What you should do:
Could you please retype all of the records exactly, skipping any pictures?

· · · · · · ·

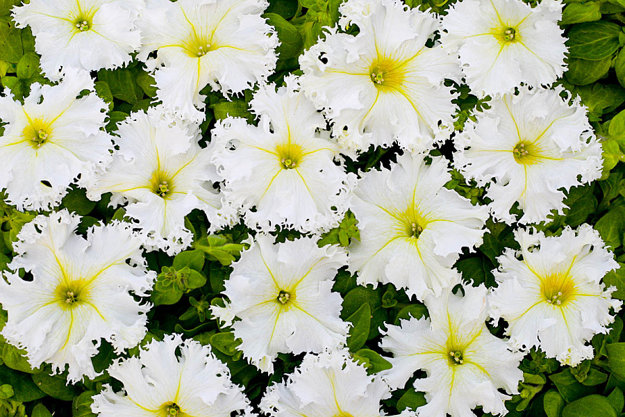 Петуния грандифлора фимбриата крайкови завой - это великолепное растение с белыми цветками, которое поражает своей изящностью и нежностью. Ее стебель прочный и устойчивый, достигая высоты до 30-35 см, а диаметр цветка может достигать 8 см. Листья петунии имеют элегантную форму, что делает ее еще более привлекательной.
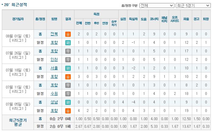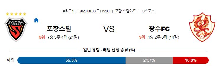 포항은 현재 리그 5위에 위치해 있습니다. 올 시즌 7승 3무 4패로 무난한 경기력을 보이고 있고 이전 경기에서 전북을 상대로 팔라시오스의 퇴장으로 2:1 패배를 기록하며 2경기 무승을 이어가고 있습니다. 전 경기에서 패배를 기록하면서 선두권과 거리가 멀어진 것은 물론 남은 일정에서도 적지 않은 타격을 받게 될 것으로 보입니다. 원정 무패의 기록도 깨짐과 동시에 핵심 공격 자원이었던 팔라시오스의 퇴장으로 출전 정지와 김완규, 이승모의 부상까지 겹치는 악재를 보였기 때문에 부상자와 공백을 보이고 있는 자리에 대책을 만들어내야 할 것으로 판단됩니다. 다만 상대의 측면 공격이 상당히 활발한 모습을 보이고 있기 때문에 부상자의 공백을 매우지 못한다면 이번 경기에서 포항은 근소한 차이로 패배를 기록할 것으로 예상이 됩니다.
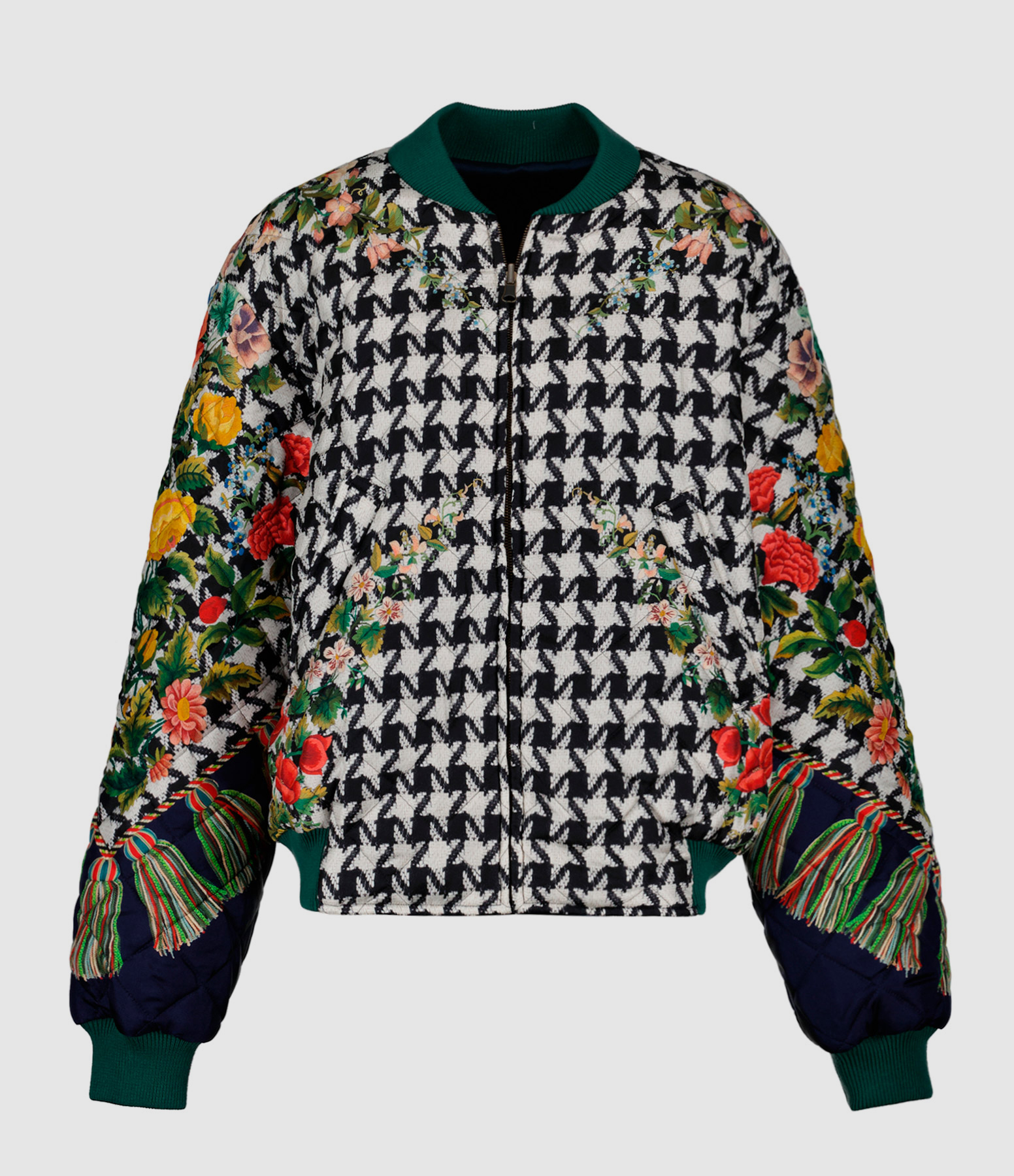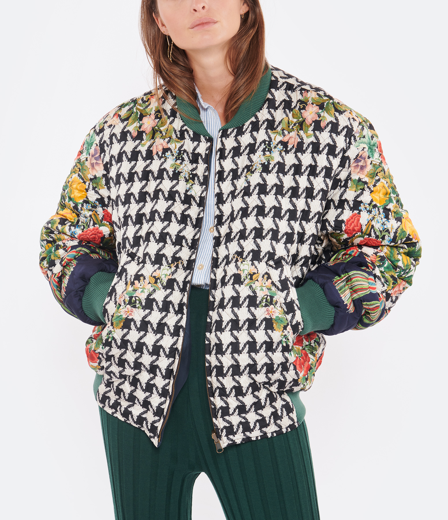 Veste bomber matelassée réversible en soie à imprimé fleuri multicolore d'un côté et tissus satin bleu de l'autre. Encolure arrondie côtelée. Manches longues avec poignets côtelés. Fermeture zippée sur le devant. Deux poches raglans sur le devant des deux côtés. Coupe droite. Base droite côtelée.
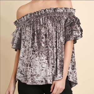 NWT OFF SHOULDER CRUSHED VELVET TOP
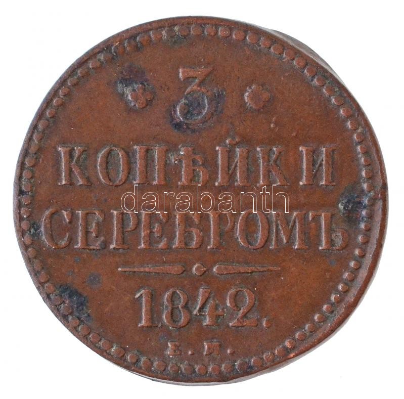 Orosz Birodalom 1842EM 3k Cu Jekatyerinburg (27,49g) T:2,2- kis ph., fo. / Russian Empire 1842EM 3 Kopeks Cu Ekaterinburg (27,49g) C:XF,VF small edge error, stained
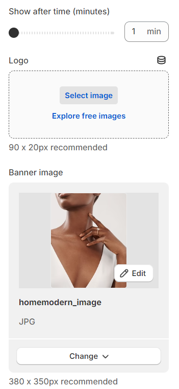 Logo: Choose and set a logo to be displayed within the popup for branding.
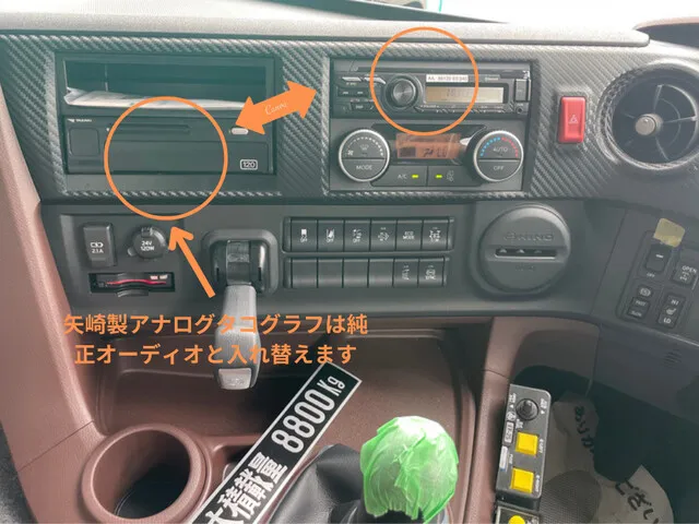 矢崎製アナログタコグラフが取付いていたので右側の純正オーディオと入れ替えを行います。
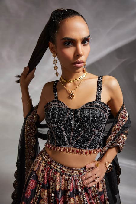 Black silk dupion lehenga with attached cancan, traditional print all over & embroidery details. Comes with padded corset blouse & dupatta.
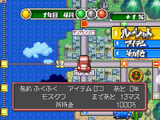 プレイ年数は1年から100年。2つのマップと、個性の異なる12人のライバルキャラが用意されています。
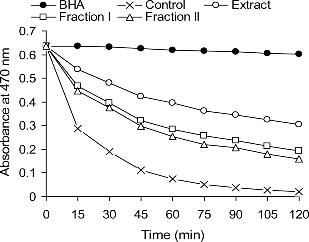 Antioxidant activity of a red lentil acetonic extract and its fractions in a β-carotene-linoleate model system, as measured by changes in absorbance at 470 nm.
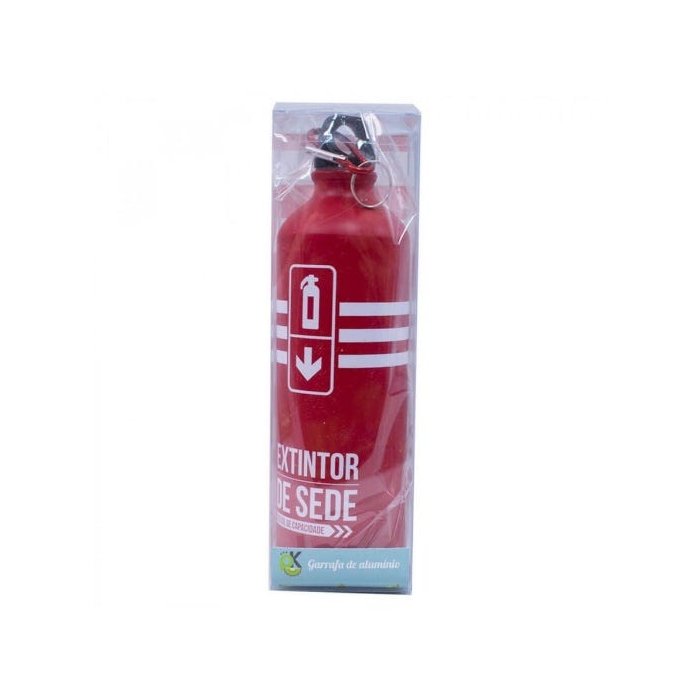 Garrafa vermelha de 750 ml gravada com a frase "extintor de sede". Tampa rosqueável com prendedor paa mochila. Material: alumínio. Detalhes: Peso 0,100 gramas; Altura 25cm; Largura 7cm; Comprimento 7cm.
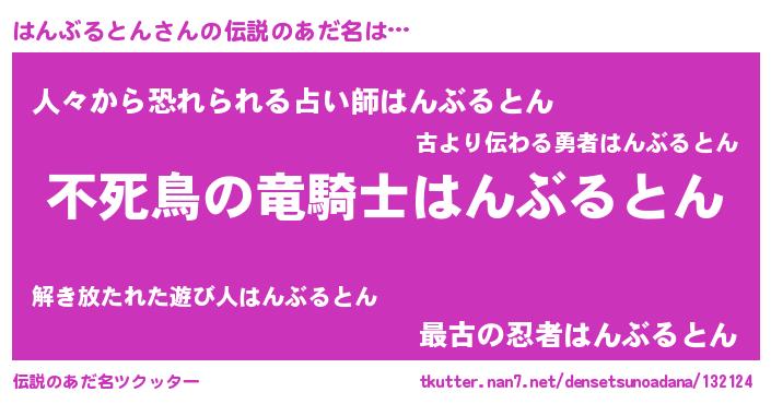 | 意味不明あだ名 | 『住所不定無職はんぶるとん(8歳)』 |
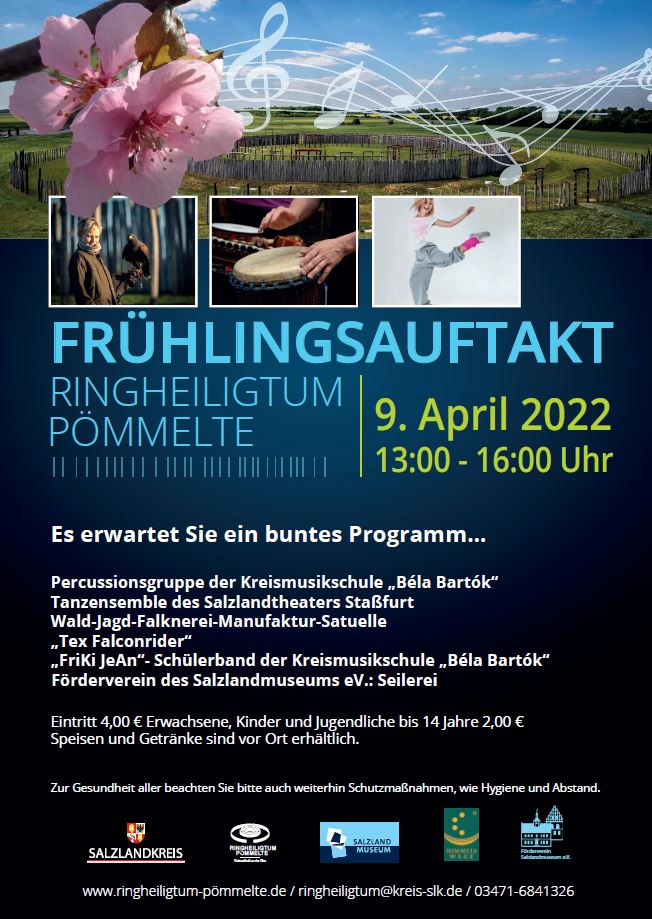 Endlich Frühling! Jetzt startet die Saison am Ringheiligtum Pömmelte mit einem Fest. Am Samstag, 9. April, heißt es in der Zeit von 13 bis 16 Uhr wieder „Frühlingsauftakt“ mit Musik und Tanz. Die Eröffnung übernehmen Landrat Markus Bauer und Landtagspräsident Gunnar Schellenberger, der gleichzeitig auch Vorsitzender des Kreisentwicklungsausschusses ist. Sie freuen sich beide auch ganz persönlich über das weitere Aufblühen der touristischen Anlage in der heimischen Region.

· · · · · · ·

Result:
 Петуния грандифлора фимбриата крайкови завой - это великолепное растение с белыми цветками, которое поражает своей изящностью и нежностью. Ее стебель прочный и устойчивый, достигая высоты до 30-35 см, а диаметр цветка может достигать 8 см. Листья петунии имеют элегантную форму, что делает ее еще более привлекательной.
 포항은 현재 리그 5위에 위치해 있습니다. 올 시즌 7승 3무 4패로 무난한 경기력을 보이고 있고 이전 경기에서 전북을 상대로 팔라시오스의 퇴장으로 2:1 패배를 기록하며 2경기 무승을 이어가고 있습니다. 전 경기에서 패배를 기록하면서 선두권과 거리가 멀어진 것은 물론 남은 일정에서도 적지 않은 타격을 받게 될 것으로 보입니다. 원정 무패의 기록도 깨짐과 동시에 핵심 공격 자원이었던 팔라시오스의 퇴장으로 출전 정지와 김완규, 이승모의 부상까지 겹치는 악재를 보였기 때문에 부상자와 공백을 보이고 있는 자리에 대책을 만들어내야 할 것으로 판단됩니다. 다만 상대의 측면 공격이 상당히 활발한 모습을 보이고 있기 때문에 부상자의 공백을 매우지 못한다면 이번 경기에서 포항은 근소한 차이로 패배를 기록할 것으로 예상이 됩니다.
 Veste bomber matelassée réversible en soie à imprimé fleuri multicolore d'un côté et tissus satin bleu de l'autre. Encolure arrondie côtelée. Manches longues avec poignets côtelés. Fermeture zippée sur le devant. Deux poches raglans sur le devant des deux côtés. Coupe droite. Base droite côtelée.
 NWT OFF SHOULDER CRUSHED VELVET TOP
 Orosz Birodalom 1842EM 3k Cu Jekatyerinburg (27,49g) T:2,2- kis ph., fo. / Russian Empire 1842EM 3 Kopeks Cu Ekaterinburg (27,49g) C:XF,VF small edge error, stained
 Logo: Choose and set a logo to be displayed within the popup for branding.
 矢崎製アナログタコグラフが取付いていたので右側の純正オーディオと入れ替えを行います。
 Black silk dupion lehenga with attached cancan, traditional print all over & embroidery details. Comes with padded corset blouse & dupatta.
 プレイ年数は1年から100年。2つのマップと、個性の異なる12人のライバルキャラが用意されています。
 Antioxidant activity of a red lentil acetonic extract and its fractions in a β-carotene-linoleate model system, as measured by changes in absorbance at 470 nm.
 Garrafa vermelha de 750 ml gravada com a frase "extintor de sede". Tampa rosqueável com prendedor paa mochila. Material: alumínio. Detalhes: Peso 0,100 gramas; Altura 25cm; Largura 7cm; Comprimento 7cm.
 | 意味不明あだ名 | 『住所不定無職はんぶるとん(8歳)』 |
 Endlich Frühling! Jetzt startet die Saison am Ringheiligtum Pömmelte mit einem Fest. Am Samstag, 9. April, heißt es in der Zeit von 13 bis 16 Uhr wieder „Frühlingsauftakt“ mit Musik und Tanz. Die Eröffnung übernehmen Landrat Markus Bauer und Landtagspräsident Gunnar Schellenberger, der gleichzeitig auch Vorsitzender des Kreisentwicklungsausschusses ist. Sie freuen sich beide auch ganz persönlich über das weitere Aufblühen der touristischen Anlage in der heimischen Region.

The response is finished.